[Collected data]

------------

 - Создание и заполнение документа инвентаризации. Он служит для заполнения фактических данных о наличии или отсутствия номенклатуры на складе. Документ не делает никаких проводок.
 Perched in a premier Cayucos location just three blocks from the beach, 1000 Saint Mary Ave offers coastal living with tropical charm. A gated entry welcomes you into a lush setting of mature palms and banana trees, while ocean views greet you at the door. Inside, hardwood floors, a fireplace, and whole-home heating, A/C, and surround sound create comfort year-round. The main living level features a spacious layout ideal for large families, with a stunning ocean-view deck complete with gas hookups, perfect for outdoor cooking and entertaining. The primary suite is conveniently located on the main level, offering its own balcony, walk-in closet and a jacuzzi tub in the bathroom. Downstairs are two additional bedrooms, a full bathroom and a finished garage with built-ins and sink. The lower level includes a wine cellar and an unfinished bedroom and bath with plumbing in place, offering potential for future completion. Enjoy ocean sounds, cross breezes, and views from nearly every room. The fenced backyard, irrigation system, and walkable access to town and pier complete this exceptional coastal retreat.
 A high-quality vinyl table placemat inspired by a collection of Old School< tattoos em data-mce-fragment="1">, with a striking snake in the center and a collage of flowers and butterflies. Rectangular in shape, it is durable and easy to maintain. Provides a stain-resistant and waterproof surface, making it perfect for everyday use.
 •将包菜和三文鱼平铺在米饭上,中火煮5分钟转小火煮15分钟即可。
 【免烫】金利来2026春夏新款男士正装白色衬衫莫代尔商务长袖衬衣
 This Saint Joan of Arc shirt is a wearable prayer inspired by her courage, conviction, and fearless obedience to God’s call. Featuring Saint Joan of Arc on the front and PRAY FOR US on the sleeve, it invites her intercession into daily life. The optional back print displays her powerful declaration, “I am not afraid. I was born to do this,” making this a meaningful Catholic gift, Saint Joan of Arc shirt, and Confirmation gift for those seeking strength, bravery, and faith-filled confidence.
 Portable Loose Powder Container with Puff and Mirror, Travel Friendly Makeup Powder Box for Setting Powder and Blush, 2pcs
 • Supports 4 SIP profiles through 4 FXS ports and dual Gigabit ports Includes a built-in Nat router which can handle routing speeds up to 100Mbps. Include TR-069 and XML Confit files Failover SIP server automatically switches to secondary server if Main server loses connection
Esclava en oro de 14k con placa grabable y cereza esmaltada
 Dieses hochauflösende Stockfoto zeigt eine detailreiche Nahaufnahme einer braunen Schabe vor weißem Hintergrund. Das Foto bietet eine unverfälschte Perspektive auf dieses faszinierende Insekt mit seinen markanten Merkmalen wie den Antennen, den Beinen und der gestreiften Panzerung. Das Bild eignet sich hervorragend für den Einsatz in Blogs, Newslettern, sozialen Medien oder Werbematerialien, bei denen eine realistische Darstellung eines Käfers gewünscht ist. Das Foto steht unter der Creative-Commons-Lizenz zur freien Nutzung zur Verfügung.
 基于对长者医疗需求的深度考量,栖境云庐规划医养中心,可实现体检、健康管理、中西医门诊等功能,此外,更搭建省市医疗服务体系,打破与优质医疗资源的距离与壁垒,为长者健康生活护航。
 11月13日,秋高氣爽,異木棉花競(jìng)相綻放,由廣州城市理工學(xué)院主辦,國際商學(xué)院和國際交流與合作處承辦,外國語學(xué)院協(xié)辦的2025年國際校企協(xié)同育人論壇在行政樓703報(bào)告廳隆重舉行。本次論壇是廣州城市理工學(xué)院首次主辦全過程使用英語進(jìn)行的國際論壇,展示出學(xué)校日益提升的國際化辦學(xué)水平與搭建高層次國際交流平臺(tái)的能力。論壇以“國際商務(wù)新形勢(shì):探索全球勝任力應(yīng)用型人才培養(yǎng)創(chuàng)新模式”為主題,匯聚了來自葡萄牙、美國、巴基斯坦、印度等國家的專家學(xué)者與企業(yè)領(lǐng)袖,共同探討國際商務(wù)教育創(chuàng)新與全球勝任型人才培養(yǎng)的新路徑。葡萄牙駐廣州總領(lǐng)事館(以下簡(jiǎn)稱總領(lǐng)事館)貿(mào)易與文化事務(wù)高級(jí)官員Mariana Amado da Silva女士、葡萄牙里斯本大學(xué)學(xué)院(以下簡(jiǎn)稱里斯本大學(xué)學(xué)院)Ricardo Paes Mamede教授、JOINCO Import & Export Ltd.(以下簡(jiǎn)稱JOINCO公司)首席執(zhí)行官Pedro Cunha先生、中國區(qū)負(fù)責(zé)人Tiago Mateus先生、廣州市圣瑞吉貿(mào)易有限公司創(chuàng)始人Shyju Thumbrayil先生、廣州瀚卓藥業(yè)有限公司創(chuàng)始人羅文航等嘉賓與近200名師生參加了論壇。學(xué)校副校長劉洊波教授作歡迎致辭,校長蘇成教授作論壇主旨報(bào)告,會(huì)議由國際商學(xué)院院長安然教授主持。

------------

Task directions
All the data above should be set down a second time, exactly.

Output below
 - Создание и заполнение документа инвентаризации. Он служит для заполнения фактических данных о наличии или отсутствия номенклатуры на складе. Документ не делает никаких проводок.
 Perched in a premier Cayucos location just three blocks from the beach, 1000 Saint Mary Ave offers coastal living with tropical charm. A gated entry welcomes you into a lush setting of mature palms and banana trees, while ocean views greet you at the door. Inside, hardwood floors, a fireplace, and whole-home heating, A/C, and surround sound create comfort year-round. The main living level features a spacious layout ideal for large families, with a stunning ocean-view deck complete with gas hookups, perfect for outdoor cooking and entertaining. The primary suite is conveniently located on the main level, offering its own balcony, walk-in closet and a jacuzzi tub in the bathroom. Downstairs are two additional bedrooms, a full bathroom and a finished garage with built-ins and sink. The lower level includes a wine cellar and an unfinished bedroom and bath with plumbing in place, offering potential for future completion. Enjoy ocean sounds, cross breezes, and views from nearly every room. The fenced backyard, irrigation system, and walkable access to town and pier complete this exceptional coastal retreat.
 A high-quality vinyl table placemat inspired by a collection of Old School< tattoos em data-mce-fragment="1">, with a striking snake in the center and a collage of flowers and butterflies. Rectangular in shape, it is durable and easy to maintain. Provides a stain-resistant and waterproof surface, making it perfect for everyday use.
 •将包菜和三文鱼平铺在米饭上,中火煮5分钟转小火煮15分钟即可。
 【免烫】金利来2026春夏新款男士正装白色衬衫莫代尔商务长袖衬衣
 This Saint Joan of Arc shirt is a wearable prayer inspired by her courage, conviction, and fearless obedience to God’s call. Featuring Saint Joan of Arc on the front and PRAY FOR US on the sleeve, it invites her intercession into daily life. The optional back print displays her powerful declaration, “I am not afraid. I was born to do this,” making this a meaningful Catholic gift, Saint Joan of Arc shirt, and Confirmation gift for those seeking strength, bravery, and faith-filled confidence.
 Portable Loose Powder Container with Puff and Mirror, Travel Friendly Makeup Powder Box for Setting Powder and Blush, 2pcs
 • Supports 4 SIP profiles through 4 FXS ports and dual Gigabit ports Includes a built-in Nat router which can handle routing speeds up to 100Mbps. Include TR-069 and XML Confit files Failover SIP server automatically switches to secondary server if Main server loses connection
Esclava en oro de 14k con placa grabable y cereza esmaltada
 Dieses hochauflösende Stockfoto zeigt eine detailreiche Nahaufnahme einer braunen Schabe vor weißem Hintergrund. Das Foto bietet eine unverfälschte Perspektive auf dieses faszinierende Insekt mit seinen markanten Merkmalen wie den Antennen, den Beinen und der gestreiften Panzerung. Das Bild eignet sich hervorragend für den Einsatz in Blogs, Newslettern, sozialen Medien oder Werbematerialien, bei denen eine realistische Darstellung eines Käfers gewünscht ist. Das Foto steht unter der Creative-Commons-Lizenz zur freien Nutzung zur Verfügung.
 基于对长者医疗需求的深度考量,栖境云庐规划医养中心,可实现体检、健康管理、中西医门诊等功能,此外,更搭建省市医疗服务体系,打破与优质医疗资源的距离与壁垒,为长者健康生活护航。
 11月13日,秋高氣爽,異木棉花競(jìng)相綻放,由廣州城市理工學(xué)院主辦,國際商學(xué)院和國際交流與合作處承辦,外國語學(xué)院協(xié)辦的2025年國際校企協(xié)同育人論壇在行政樓703報(bào)告廳隆重舉行。本次論壇是廣州城市理工學(xué)院首次主辦全過程使用英語進(jìn)行的國際論壇,展示出學(xué)校日益提升的國際化辦學(xué)水平與搭建高層次國際交流平臺(tái)的能力。論壇以“國際商務(wù)新形勢(shì):探索全球勝任力應(yīng)用型人才培養(yǎng)創(chuàng)新模式”為主題,匯聚了來自葡萄牙、美國、巴基斯坦、印度等國家的專家學(xué)者與企業(yè)領(lǐng)袖,共同探討國際商務(wù)教育創(chuàng)新與全球勝任型人才培養(yǎng)的新路徑。葡萄牙駐廣州總領(lǐng)事館(以下簡(jiǎn)稱總領(lǐng)事館)貿(mào)易與文化事務(wù)高級(jí)官員Mariana Amado da Silva女士、葡萄牙里斯本大學(xué)學(xué)院(以下簡(jiǎn)稱里斯本大學(xué)學(xué)院)Ricardo Paes Mamede教授、JOINCO Import & Export Ltd.(以下簡(jiǎn)稱JOINCO公司)首席執(zhí)行官Pedro Cunha先生、中國區(qū)負(fù)責(zé)人Tiago Mateus先生、廣州市圣瑞吉貿(mào)易有限公司創(chuàng)始人Shyju Thumbrayil先生、廣州瀚卓藥業(yè)有限公司創(chuàng)始人羅文航等嘉賓與近200名師生參加了論壇。學(xué)校副校長劉洊波教授作歡迎致辭,校長蘇成教授作論壇主旨報(bào)告,會(huì)議由國際商學(xué)院院長安然教授主持。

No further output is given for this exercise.